Victor Friedlander-Rakocz
victor@kfar-hanassi.org.il
----- Original Message -----
From: "Mike Cole" <lchcmike@gmail.com>
To: "eXtended Mind, Culture, Activity" <xmca@weber.ucsd.edu>
Cc: "Stetsenko, Anna" <AStetsenko@gc.cuny.edu>
Sent: Saturday, November 05, 2005 18:54
Subject: [xmca] Fwd: could you please post this for me on xmca? thanks.

> ---------- Forwarded message ----------
> From: Stetsenko, Anna <AStetsenko@gc.cuny.edu>
> Date: Nov 5, 2005 8:51 AM
> Subject: could you please post this for me on xmca? thanks.
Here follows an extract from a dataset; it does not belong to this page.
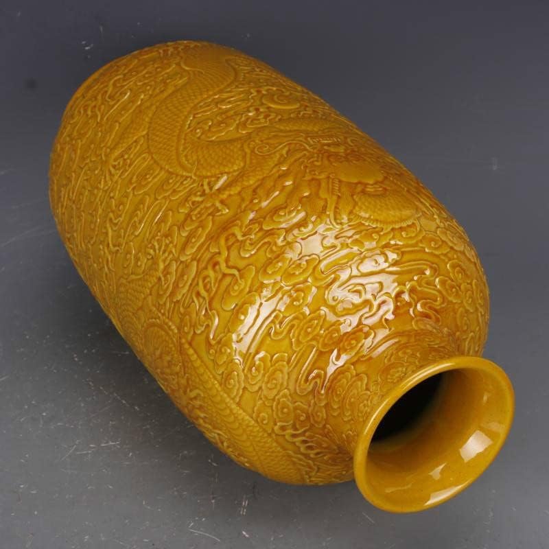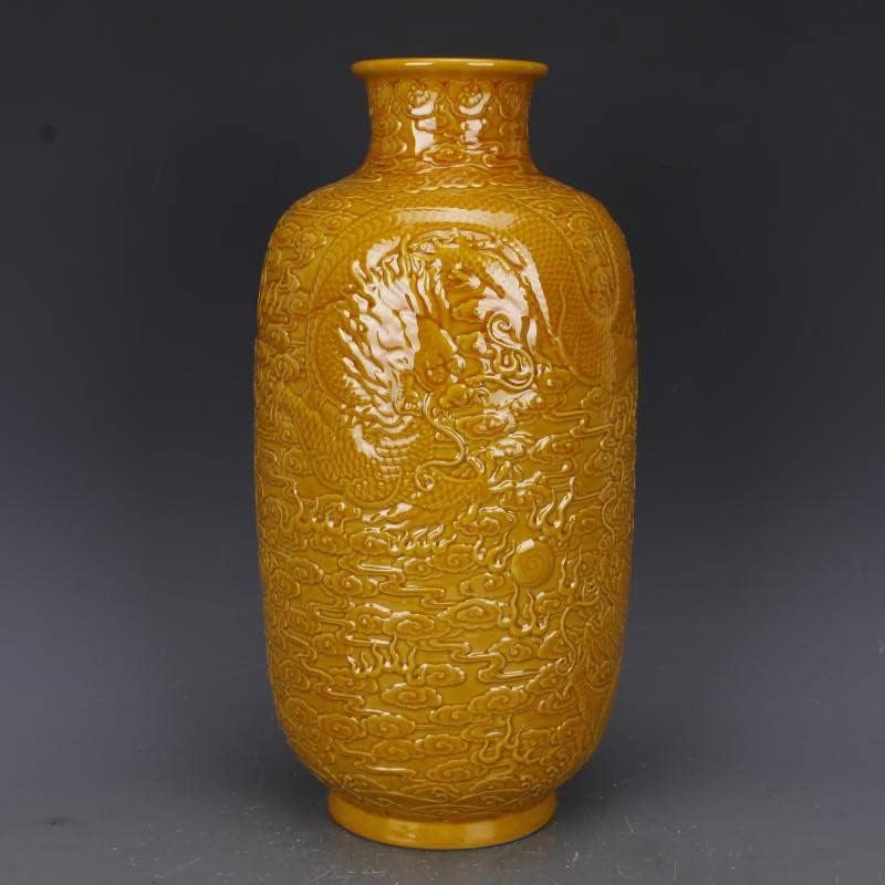 ZSEDP Antique Yellow Glaze Embossed Home Decoration Porcelain Flower Vase Collection Vase

> To: mcole@weber.ucsd.edu
> Cc: "Stetsenko, Anna" <AStetsenko@gc.cuny.edu>
>
> I wrote my comment below yesterday morning but then my university's server
> was down for much of the day (right, Joe?) and I could not post it. There
> are many new things today but I still think my yesterday's response is
> relevant. One addition only, because Mike and others again asked for
> clarification of my central terms. It would be impossible to explain what
> I
> meant by intersubjectivity and subjectivity (and I would also have to go
> back to Greeks, Hegel etc and do some historical excavations) if not
> that ...I
> use them from within the CHAT tradition, i.e. works by Vygotsky and
> Leontiev
> who had done much of such historical excavations already (with some
> variations due to the difficult task of finding a suitable translation,
> because for example, 'psyche' in English is not the same as 'psihika' in
> Russian; 'consciousness' is not 'soznanie', and on and on - just to say
> that
> translating is a highly theoretical work in itself).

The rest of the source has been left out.